Johannesburg is changing and improving and becoming safer but nowhere in its vast, brooding sprawl does it have even a hint of the open-faced beauty Cape Town possesses.
With one or two exceptions, I think a great city needs to be built on a great body of water, at best an ocean, at worst a mighty impressive river. Cape Town has two oceans at the foot of its natural amphitheatre and Table Mountain surveying everything from behind the city.
The first glimpse as you drive in the high road from the airport tells you you will like this place immensely.
On Saturday the town belonged to the Argentines and the Germans. Well during daylight it did.
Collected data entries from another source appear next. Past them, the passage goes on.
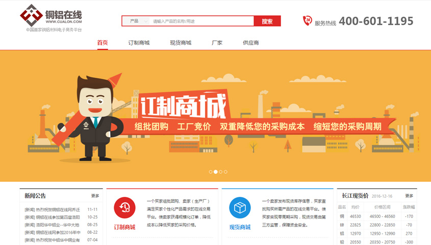銅鋁在線為有色金屬行業(yè)的電子商務(wù)交易平臺(tái),采用系統(tǒng)自動(dòng)組批團(tuán)購(gòu)的方式,將需求相同的客戶組批給統(tǒng)一廠家競(jìng)價(jià),以組團(tuán)形式在降低買家采購(gòu)成本的同時(shí)降低工廠的生產(chǎn)成本。平臺(tái)同時(shí)提供現(xiàn)貨采購(gòu)模式,供用戶實(shí)現(xiàn)快速線上交易。
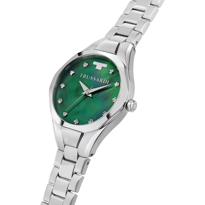 OROLOGIO TRUSSARDI METROPOLITAN - R2453159507 - Genere: Donna - Materiale e finitura cassa: Acciaio lucido - Misura cassa: 30 mm - Spessore cassa: 8 mm - Colore cassa: Silver - Vetro: Vetro minerale - Quadrante: Madreperla verde, cristalli agli indici, lancette e dettagli in metallo - Materiale bracciale: Acciaio inox - Colore cinturino: Silver - Chiusura: Fibbia in acciaio a doppio pulsante - Movimento: Quarzo giapponese - Water resistant: 5 atm - Garanzia: Ufficiale 2 anni Trussardi.
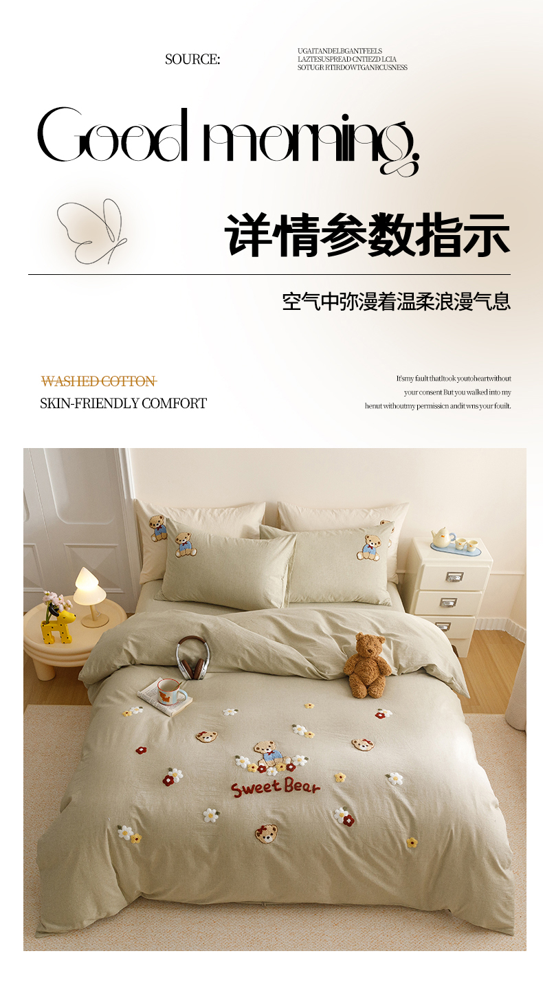 (总)艾莱家纺 2025新款A类水洗棉加厚绣花四件套-栀夏,栀夏-草莓奶粉,栀夏-格林棕,栀夏-暮光绿,栀夏-青叶紫,栀夏-银蓝
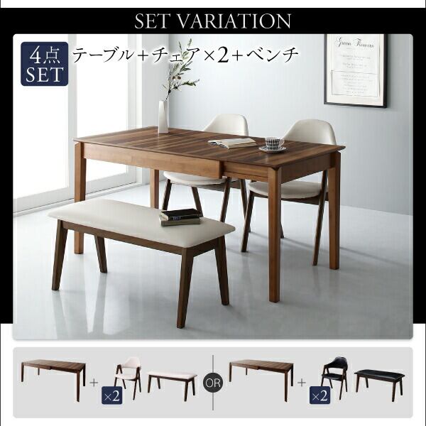 天然木ウォールナット材モダンデザイン伸縮式ダイニングセット 5点セット(テーブル+チェア4脚) W120-180
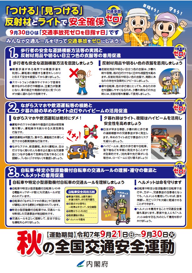 秋の全国交通安全運動は、広く国⺠に交通安全思想の普及・浸透を図り、交通ルールの遵守と正しい交通マナーの実践を習慣付けるとともに、国⺠自身による道路交通環境の改善に向けた取組を推進することにより、交通事故防止の徹底を図ることを目的としています。また、本運動期間中の9月30日は、「交通事故死ゼロを目指す日」です。皆さん一人ひとりが交通安全について考え、交通ルールを守り、交通事故のない社会を目指して取り組んでいきましょう。
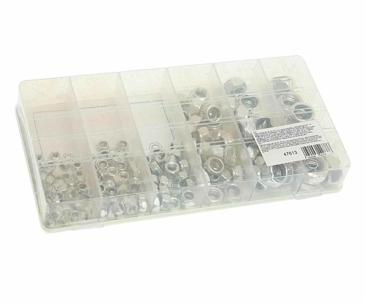 Купить Набор гаек М4, М5, М6, М8, М10, М12, самоконтрящиеся, с нейлоновой вставкой, 146 предметов СИБРТЕХ 47613
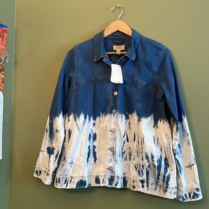 NWT LOGO Lori Goldstein Tie-Dye Ombré Denim Jean Jacket Blue White Boho Sz 4
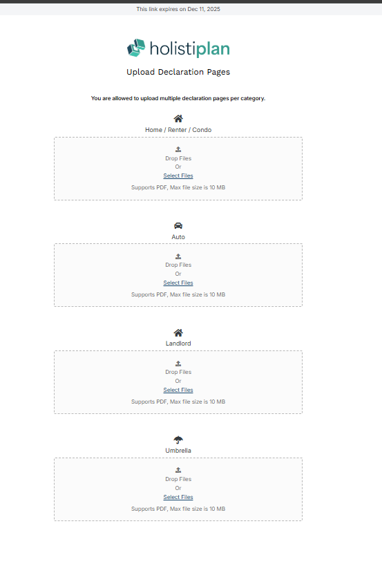 When clients open the link, they will see a simple, secure page prompting them to provide their P&C insurance documents. Clients can manually upload a PDF of their homeowners, renters, condo, auto, landlord, and umbrella declaration pages.

By the time darkness was with us it belonged to the Germans.
They may be an orderly and systematic people but they sure know how to riff on a vuvuzuela, masterfully squeezing that one note out of their plastic instruments as they get a drink and a sandwich.
And then by the next day everybody seemed to have gone. The Argentines, one presumes, vanished in a puff of Diego’s cigar smoke. The Germans moved on to Durban for the showdown with Spain.
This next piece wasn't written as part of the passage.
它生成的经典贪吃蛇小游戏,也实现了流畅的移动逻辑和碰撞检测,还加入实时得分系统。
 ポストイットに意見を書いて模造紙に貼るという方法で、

By yesterday the town was kitted out for the new arrivals. The Uruguayans are coming. All two dozen of them! It's an odd thing about World Cups, they remind you how ignorant you are of the world (Shocking confession. Having read a lifetime's worth of books about South Africa I have always, until this trip, somewhere in my head had Johannesburg down as the sunny, happy city and Cape Town as sinister and brooding. I can blame this only on the songs that come into my mind every time I think about either place. Eddy Grant's Give Me Hope Jo'annawas like a summer breeze; Randy Newman's sublimely chilling Christmas in Cape Townwith it's bitter Afrikaneer narrator always frightened the crap out of me.)
I mean what do we know about Uruguay? Until the weekend I knew the old Groucho Marx joke “You go Uruguay, I’ll go mine”. . . And nothing else apart from the fact that they have won a couple of World Cups.
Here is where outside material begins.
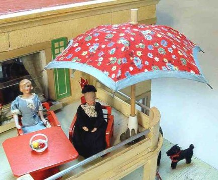 Originelles Detail: Als Sonnenschirm dient ein alter Puppenschirm, der in eine Wachskerzenhalterung gesteckt wird.
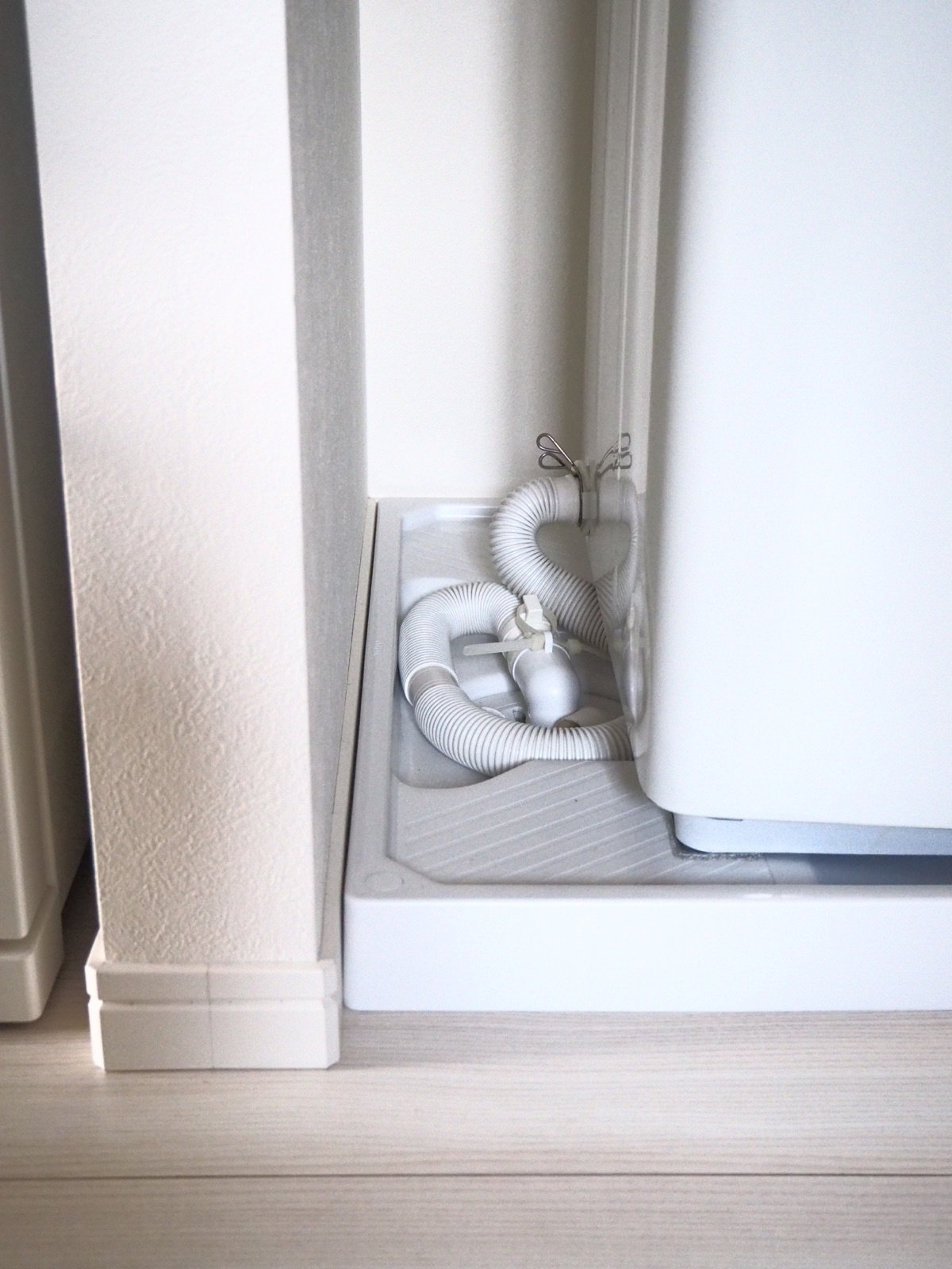 前の住まいの防水パンは浅くて広い”たらい状態”だったけど、今度は洗濯機の脚を乗せるところが高くなっているタイプ。

Now travelling around here I have been reading Soccernomics, by Simon Kuper (whose Football Against the Enemywas a groundbreaking read) and Stefan Szymanski, who is an economist but probably still a nice guy. The premise is basically to do for soccer what the Michael Lewis book Moneyballdid for baseball, ie create a new way of studying and understanding the game through statistical prisms.
Disappointingly, I find myself refusing to make most of the leaps the guys make and the book irritates me far more than it impresses me. There is a long, seemingly convincing argument about the correlation of population size with soccer success.
To which one just wants to say one word: Uruguay.
How can a nation of 3.3 million (only six smaller nations have ever even made it to the finals) have two World Cups and 14 Copa Libertadores and two Olympic golds? It makes no sense.
Uruguay will go into tonight’s match as underdogs and villains, having stolen Ghana’s glory in the quarter-final. I don’t care. I’m with them.
Any place whose name translates as lyrically as Uruguay’s has my support. The name means River of the Painted Birds. Any nation that chooses, out of respect, to play in the sky blue of the Dubs, again they have my respect and support.
And any team playing as unlikely a pair up front as Diego Forlan and Sebastian Abreu.
Forlan is one of those players whose failure in England seems more like an indictment of the game there than of the player.
He works with such heart and intelligence surely a team could have been built around him? Instead, he scored 10 goals in three years at Old Trafford before heading off to Spain where he has scored 120 goals in six seasons.
And Abreu? What sort of a man chips the goalie with the last penalty of a World Cup penalty shoot-out? That image of him walking back, tattooed arms spread and grin illuminating the stadium. Well that’s what you pay money to see.
There aren’t enough Uruguayans around to make a dent in Cape Town’s colour scheme and the neutrals won’t go for them after the Hand of God incident.
They never had a chance anyway. Cape Town is being reclaimed by the Dutch.
They first took it back in 1652 when Jan van Riebeeck set up a port of call for the Dutch East India Company (Does it ever strike you Irish history started to go wrong with our failure to establish our own Irish East India Company? Everybody else seems to have had an East India Company.)
They stayed, lost the Cape, got it back, sold it to the English and in 1836 went off, 10,000 or so families of them, on that mythical Afrikaneer adventure, the Groot Trek, or Great Trek, just a huge caravan of these people heading off into the northern interior of the country to begin new lives.
It’s funny but ever since then Dutch fans seem incapable of moving anywhere in units of less than 10,000 at a time.
What a twist of fate it has been for South Africa. When they first started day-dreaming of hosting this competition they can scarcely have thought the local populace, the majority grouping in the country, would be faced with choosing between a little known South American country who beat Bafana Bafana 3-0 and then killed off Ghana,or the Orange of the home place of the old Afrikaaners. Most of the people you spoke to in Cape Town yesterday were firm in their choice. Germany.